Companies in the sector, who were mildly optimist positive that output will rise over the next 12 months, were increasingly concerned that inflationary pressures will limit growth

By: Business Today Egypt

Sun, Jun. 5, 2022

Optimism in the private non-oil sector continues to dwindle, as the outlook for future business activity fell into the second-lowest recorded rating since April 2021, after hitting an all-time low in March, revealed the latest S&P Global Egypt Purchasing Managers' Index (PMI) report.

According to the report, companies in the sector, who were mildly optimist positive that output will rise over the next 12 months, were increasingly concerned that inflationary pressures will limit growth.

Egypt’s PMI saw a slight incline in May 2022, recording 47.0 in May, up slightly from 46.9 in April but “still pointing to a deterioration in the health of the sector.”

Non-oil private sector activity and demand in Egypt contracted for the 18th consecutive month in May 2022.The report pointed towards rising price and inflammatory pressures, the Russia/Ukraine conflict, the continued impact of COVID-19, and import restrictions.

"Non-oil business conditions in Egypt remained pinned down by rapid inflationary pressures in May, as survey panelists indicated that rising market prices led to a sharp drop-off in demand and a further increase in business expenses,” explained David Owen, Economist at S&P Global Market Intelligence.
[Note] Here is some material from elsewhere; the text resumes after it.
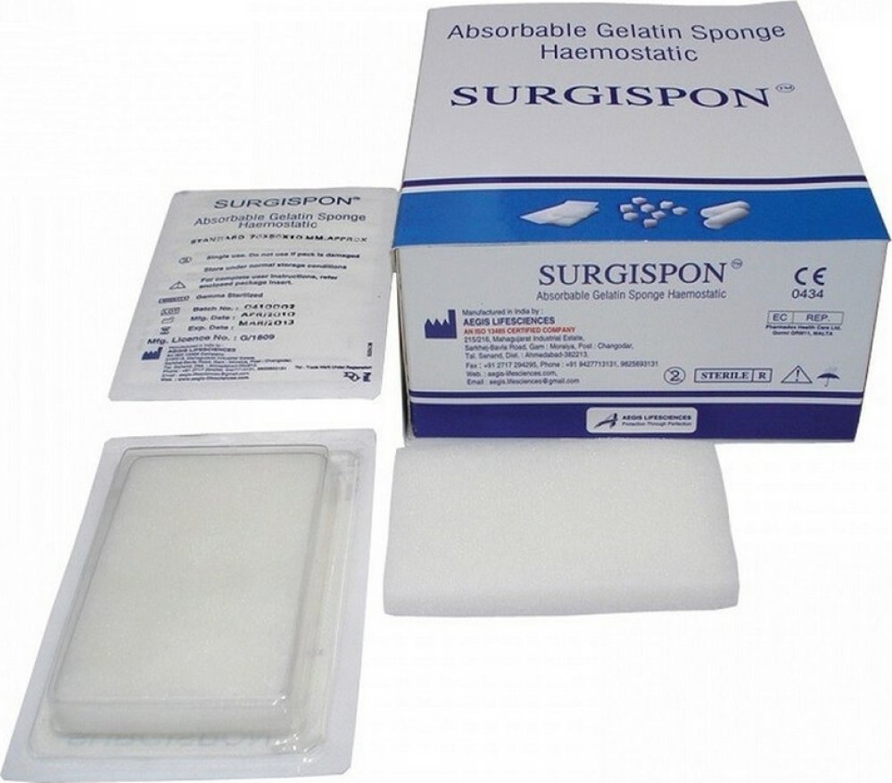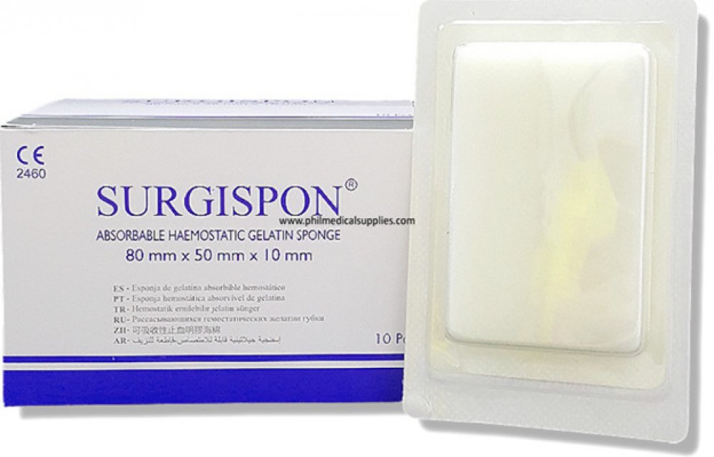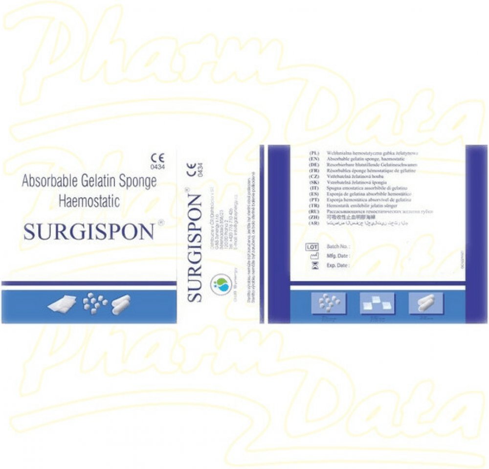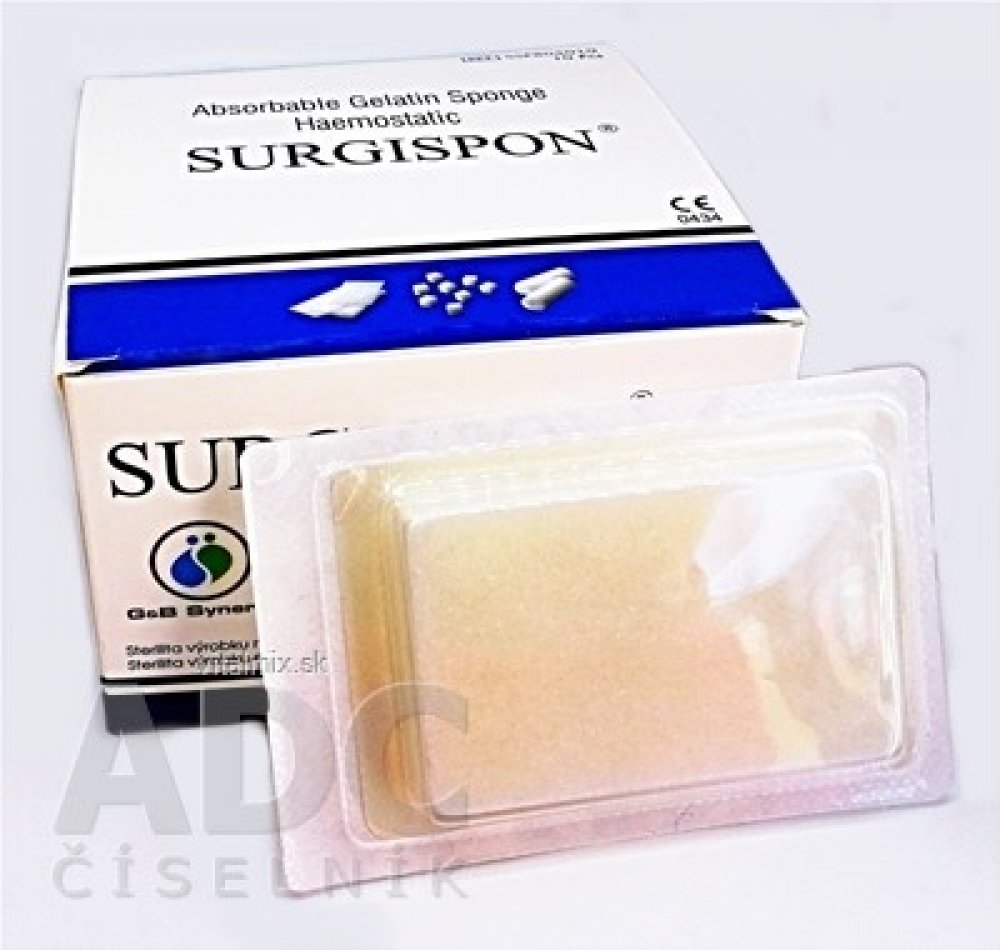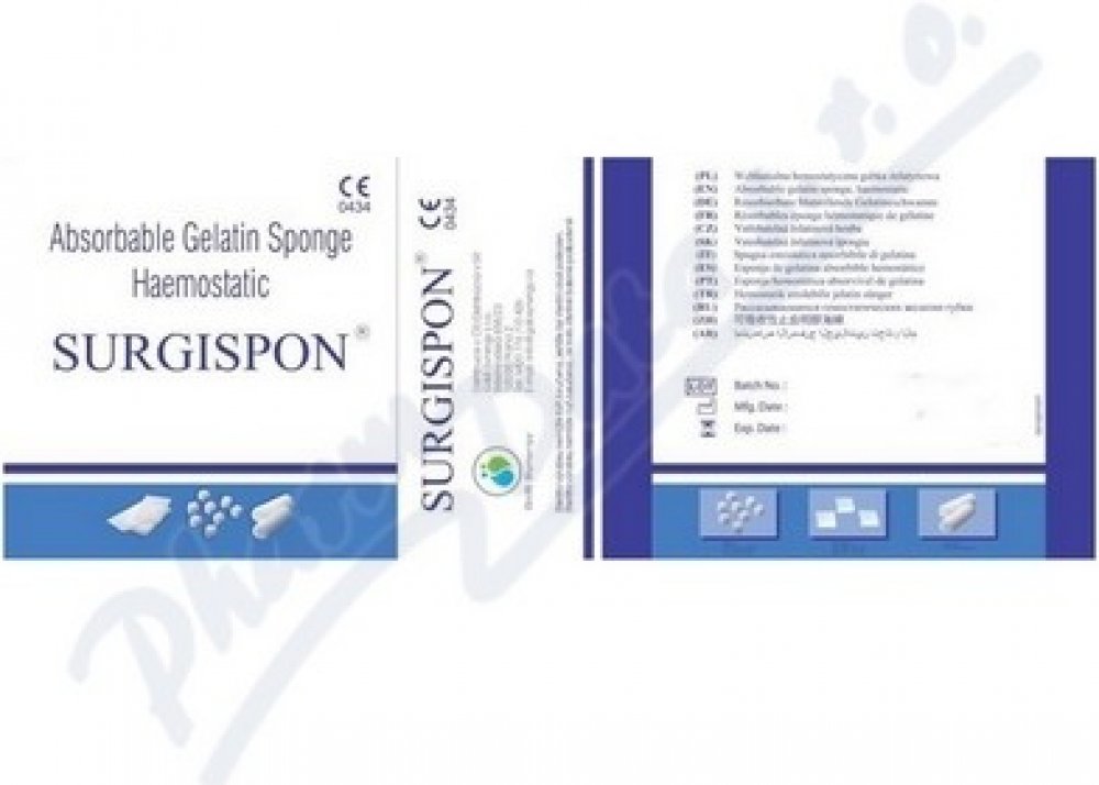 SURGISPON ® je sterilní hemostatická vstřebatelná želatinová houba vyrobená z čisté farmaceutické želatinové (lyofilizovaný hydrolyzovaný kolagen) pěny, která jí dodává jednotnou poréznost a neutrálně reaguje. Vysušená pěna se řeže, balí a sterilizuje pomocí gama záření.

The import ban on certain products caused supply shortages for several firms and a new requirement for letters of credit for importing many goods resulted in increased customs delays, S&P Global said.
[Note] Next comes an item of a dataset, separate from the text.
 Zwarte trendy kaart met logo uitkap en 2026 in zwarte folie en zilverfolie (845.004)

"Wait times for inputs meanwhile lengthened for the seventh month running as firms commented on further delays at customs following the requirement of Letters of Credit for imported goods. Moreover, the banning of a number of foreign products in April left several businesses searching for alternatives and having to reduce activity in the short run,” Owen added.

On the other hand, the rate of input cost inflation accelerated to the highest level for 6 months in May, with staff costs slightly rising for the first time in 5 months. Non-oil companies raised their charges to a greater extent in May, although the increased charges “was only modest, suggesting that firms were not marking up their prices as frequently as cost rises in order to protect sales volumes.”

The sub-index for future output expectations declined to 55.2, its second lowest reading since the survey first included the category 10 years ago. The index was at 57.7 in April.